*Exercise objective:*
Using the records that follow, reproduce exactly the lines starting at the line containing "绕城高速: 亚龙湾连接线 完成80%工程量" and ending at the line containing "Amazing value for". Include both end lines and no pictures.

*The data:*
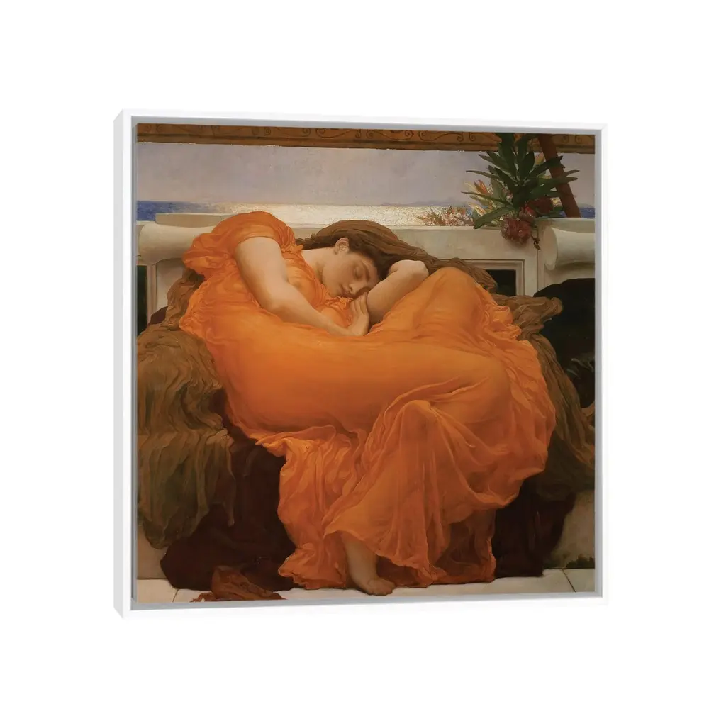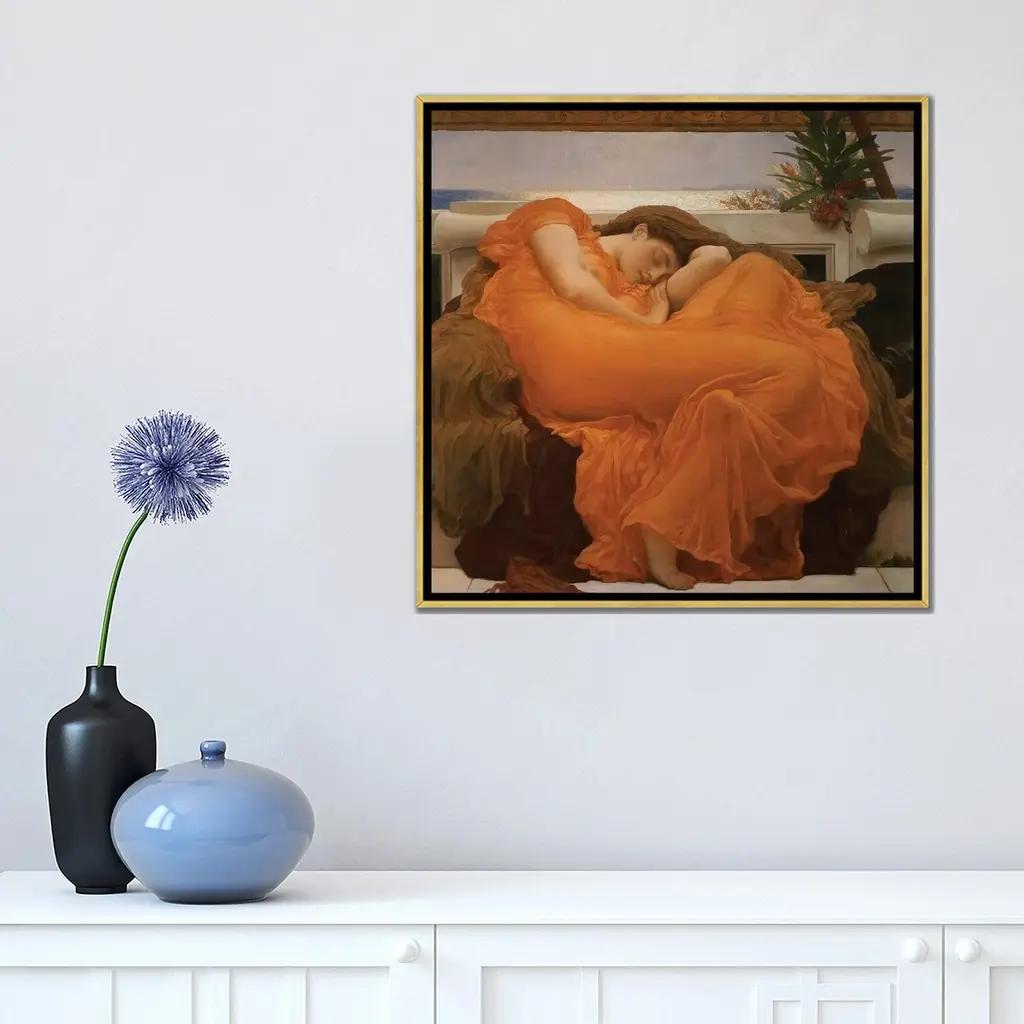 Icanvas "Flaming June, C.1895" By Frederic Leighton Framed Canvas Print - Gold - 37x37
---
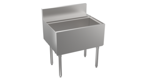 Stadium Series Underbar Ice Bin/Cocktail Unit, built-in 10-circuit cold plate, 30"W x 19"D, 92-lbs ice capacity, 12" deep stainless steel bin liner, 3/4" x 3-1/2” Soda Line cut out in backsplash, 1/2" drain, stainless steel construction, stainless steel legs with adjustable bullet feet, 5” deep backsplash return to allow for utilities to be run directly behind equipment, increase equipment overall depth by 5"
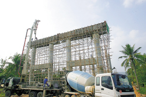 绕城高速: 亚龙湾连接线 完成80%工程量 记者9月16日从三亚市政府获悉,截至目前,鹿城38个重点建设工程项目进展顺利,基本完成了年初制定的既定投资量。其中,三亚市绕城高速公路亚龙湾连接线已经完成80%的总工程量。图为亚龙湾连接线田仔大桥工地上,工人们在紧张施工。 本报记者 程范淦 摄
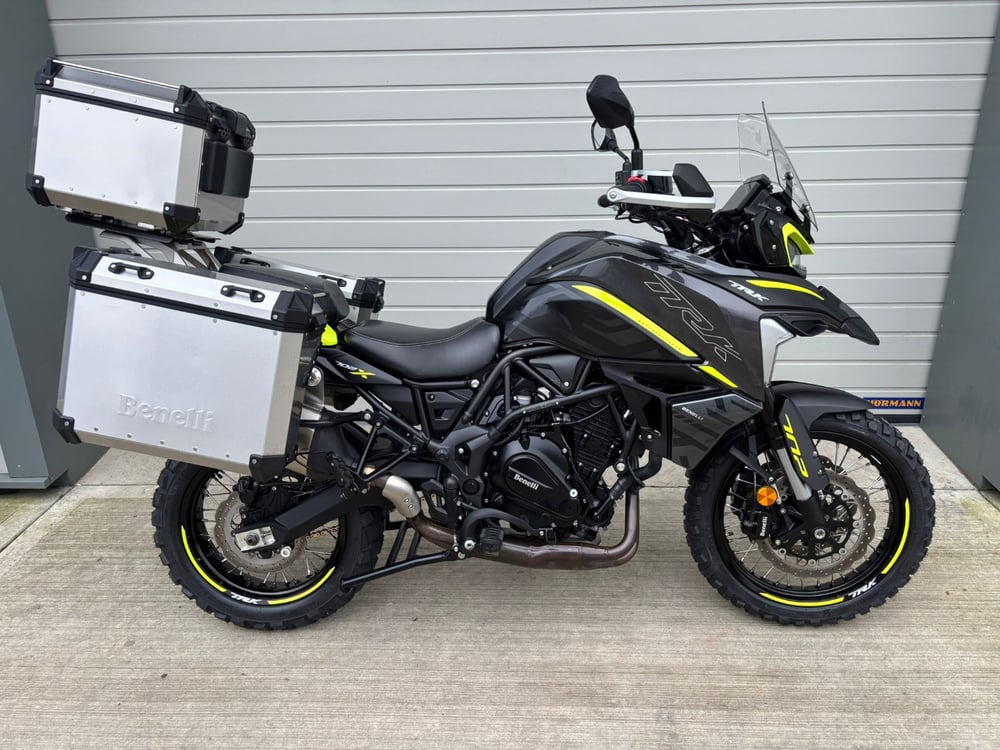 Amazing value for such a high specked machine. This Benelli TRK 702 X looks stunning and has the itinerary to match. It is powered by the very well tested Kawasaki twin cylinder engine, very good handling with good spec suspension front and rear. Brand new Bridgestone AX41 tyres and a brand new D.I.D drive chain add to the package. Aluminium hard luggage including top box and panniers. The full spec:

*Your solution:*
 绕城高速: 亚龙湾连接线 完成80%工程量 记者9月16日从三亚市政府获悉,截至目前,鹿城38个重点建设工程项目进展顺利,基本完成了年初制定的既定投资量。其中,三亚市绕城高速公路亚龙湾连接线已经完成80%的总工程量。图为亚龙湾连接线田仔大桥工地上,工人们在紧张施工。 本报记者 程范淦 摄
 Amazing value for such a high specked machine. This Benelli TRK 702 X looks stunning and has the itinerary to match. It is powered by the very well tested Kawasaki twin cylinder engine, very good handling with good spec suspension front and rear. Brand new Bridgestone AX41 tyres and a brand new D.I.D drive chain add to the package. Aluminium hard luggage including top box and panniers. The full spec:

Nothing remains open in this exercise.